Was das finanziell bedeutet, hängt vom Preisunterschied ab. Belastbar zitieren lässt sich vor allem der Verbrauchsausweis: Die Verbraucherzentrale nennt „teilweise schon für knapp unter 100 Euro", Stiftung Warentest schreibt ebenfalls, es gebe Verbrauchsausweise „schon für unter 100 Euro", und nennt den Bedarfsausweis „deutlich aufwendiger und daher teurer", ohne eine Zahl zu nennen. Eine konkrete Spanne für den Bedarfsausweis nennt co2online: rund 100 Euro rein online bestellt, aber 300 bis 500 Euro, wenn die Daten vor Ort aufgenommen werden – und diese Variante ist beim Bestandsgebäude faktisch der Normalfall, weil der Aussteller es begehen oder sich geeignete Bildaufnahmen beschaffen muss. Alles darüber, etwa vierstellige Beträge bei größeren Mehrfamilienhäusern, ist marktüblicher Erfahrungswert, kein amtlicher Tarif.
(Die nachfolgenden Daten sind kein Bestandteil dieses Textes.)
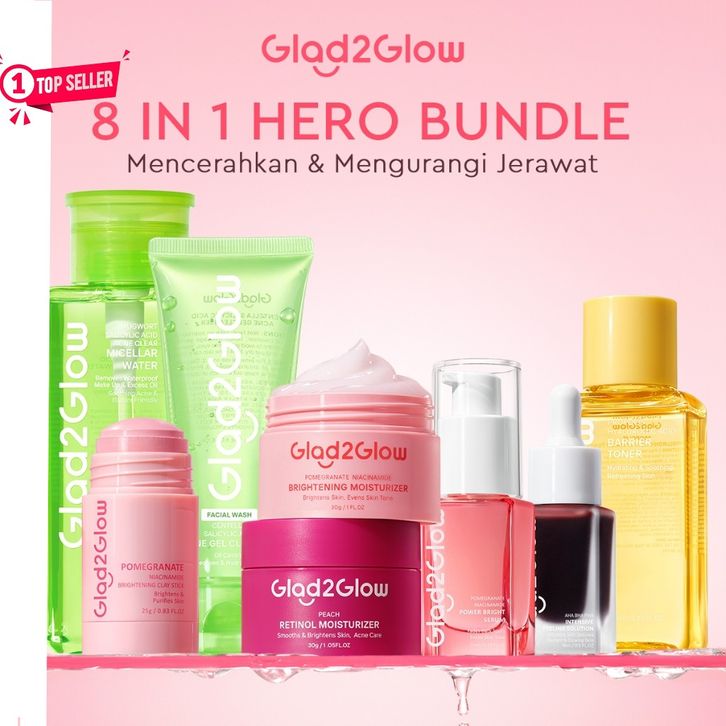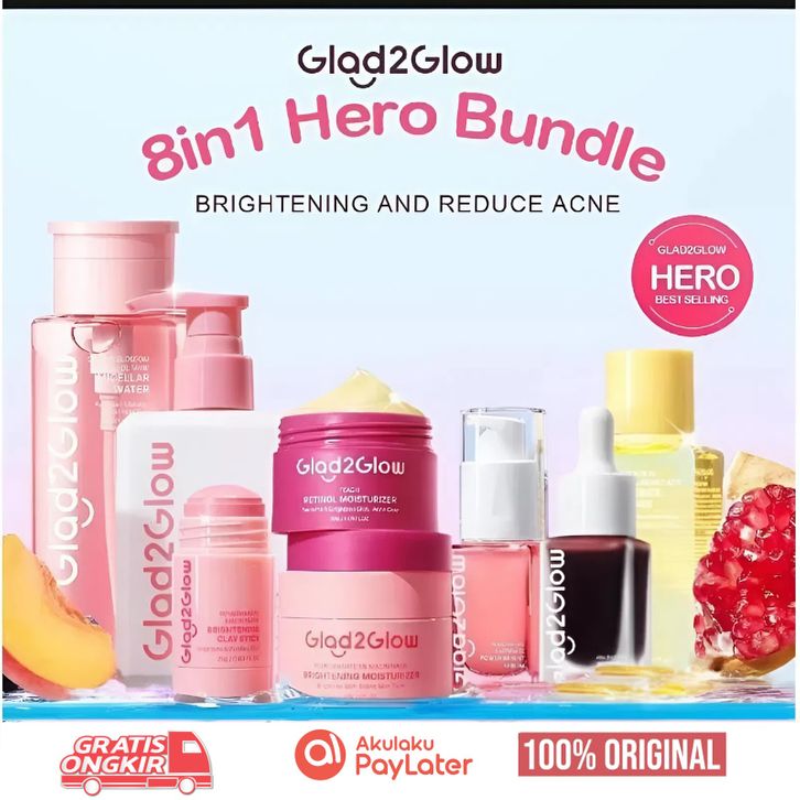 [Mall] GLAD 2 GLOW OFFICIAL STORE- Paket Lengkap Special Bundle 8 In 1 Skincare Wanita Glowing Bpom G2glow Sepaket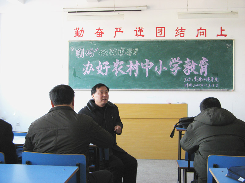 为在“国培”班学员中贯彻温家宝总理“办好农村中小学教育”重要讲话精神,12月17日上午,yl23411永利官网在龙山校区教学楼D楼召开了“国培”班学员学习座谈会,组织大家学习了温家宝总理《办好农村中小学教育》重要讲话精神,并就如何贯彻落实温家宝关于“办好农村中小学教育”的讲话精神进行了热烈的讨论。资源环境公司党总支书记李经田主持了学习座谈会。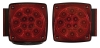 Waterproof LED trailer light set. Includes two universal combination tail lights and mounting hardware. Passenger side is 6 function stop, turn, tail, rear reflex, side marker, and side reflex; 7 function driver side light includes license plate illuminator as well.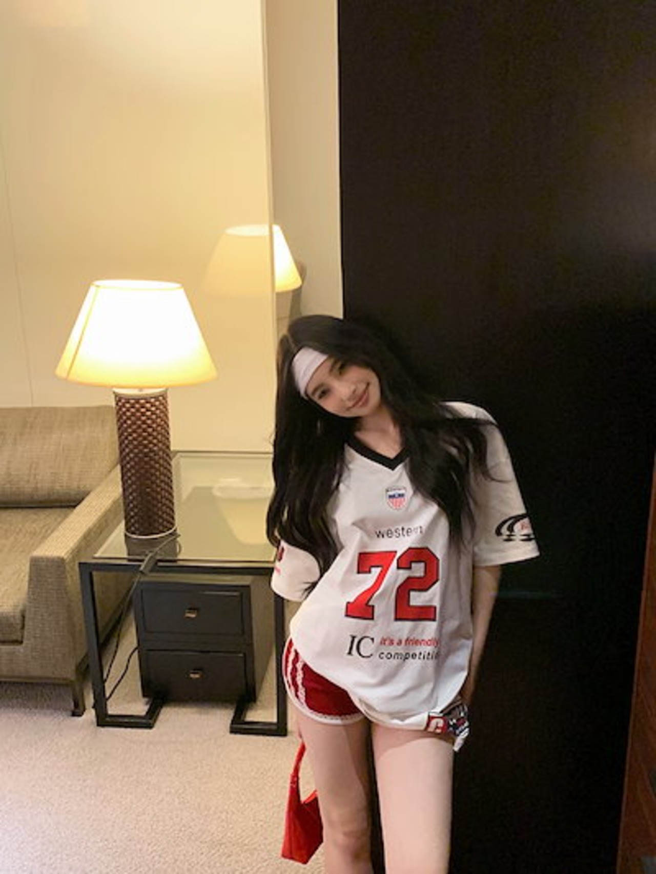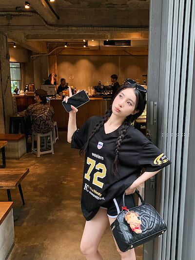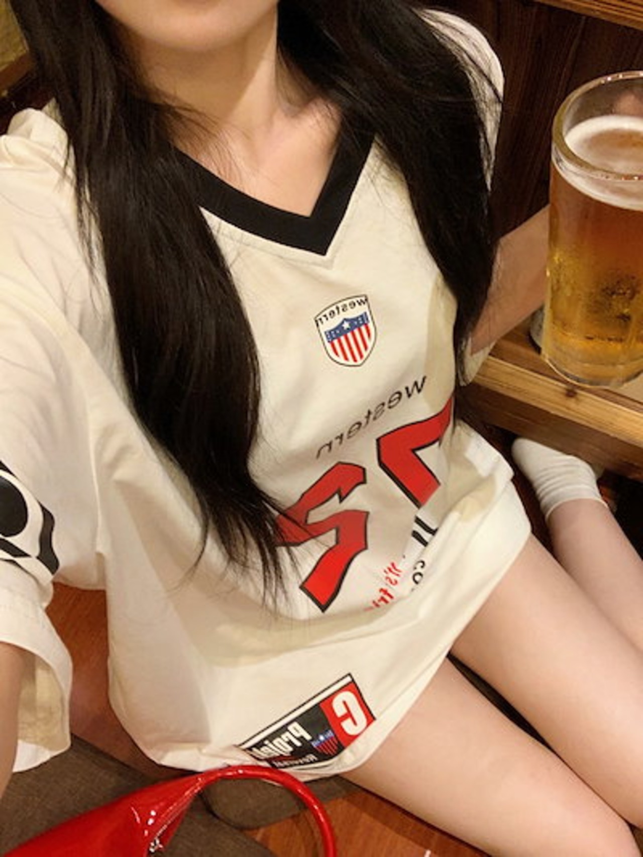 2024 夏 韓国可愛い風トップス Tシャツ ファッション 半袖 スリムフィット サイドペイントシルエットゆったり丈 休日レディースサイズ韓国Vネック おしゃれ カジュアル メンズライクフットシャツ | DOKO-ME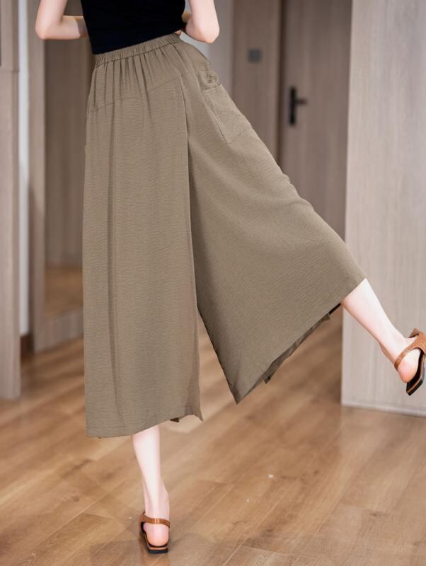 カジュアルパンツ レディース 夏 薄手 ゆったり ハイウエスト スリット スカート見え 八分丈 ワイドパンツ 体型カバー 美脚効果 ポリエステル スパンデックス混紡 伸縮素材 シワになりにくい お手入れ簡単 普段使い ルーズフィット
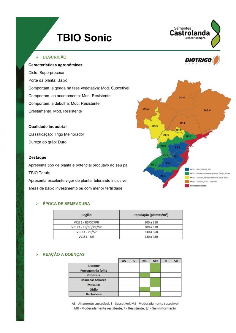 Excelente sanidade (similar ao TBIO Sossego), com ótimo nível de resistência à Mancha foliar e Bacteriose. Destaque para a elevada resistência à Brusone e Mosaico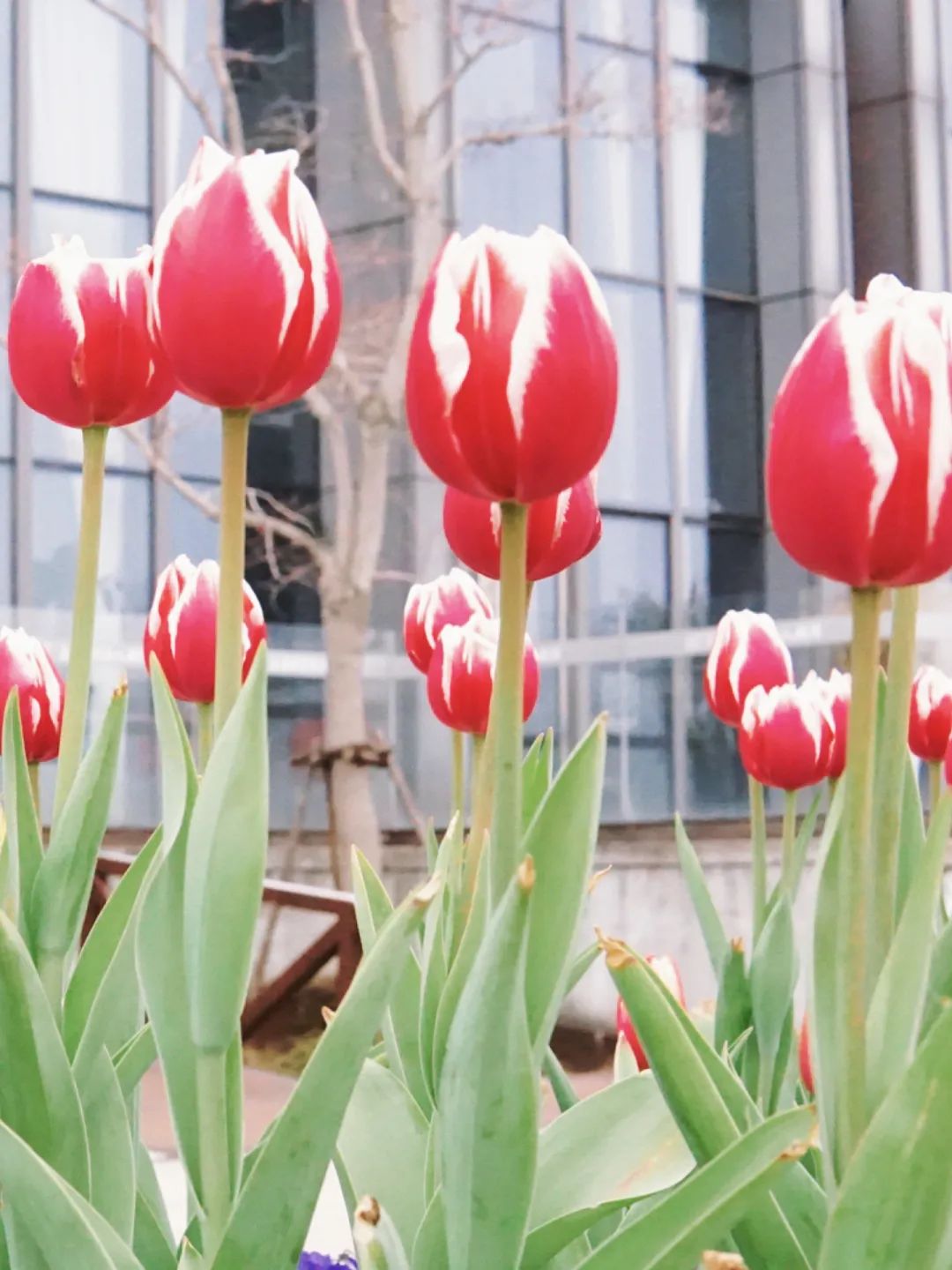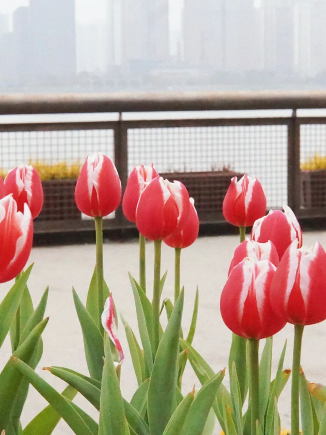 2月8日,記者來到楊浦濱江漁人碼頭,一簇簇火紅的郁金香映入眼簾。沿著步道漫步,一路上,紅色帶著白邊的花朵分外嬌艷,活潑靈動。

2. Baudenkmäler verlieren ihre Befreiung

Heute ordnet § 79 Abs. 4 GModG an, dass auf ein Baudenkmal „§ 80 Absatz 3 bis 7 nicht anzuwenden" ist. Übersetzt: Wer ein denkmalgeschütztes Haus verkauft, braucht bis zum 31. Dezember 2026 überhaupt keinen Energieausweis.

Die Neufassung des § 79 Abs. 4 nimmt ab dem 1. Januar 2027 nur noch zwei Fälle aus: Gebäude des Bundes und verbündeter Streitkräfte für Verteidigungs- und Bündniszwecke sowie „ein kleines Gebäude". Baudenkmäler werden nicht mehr genannt. Ab 2027 gilt für sie die Ausweispflicht wie für jedes andere Gebäude.

„Kleines Gebäude" ist ab 2027 im neuen § 3 definiert als Gebäude mit weniger als 50 Quadratmetern Nutzfläche. Für ein denkmalgeschütztes Wohnhaus hilft diese Ausnahme in aller Regel nicht.

Wichtig zur Einordnung: Es geht ausschließlich um den Ausweis. Die materiellen Erleichterungen für Denkmäler bei den energetischen Anforderungen bleiben bestehen. Was das im Detail bedeutet, steht im Beitrag Energieausweis und Denkmalschutz.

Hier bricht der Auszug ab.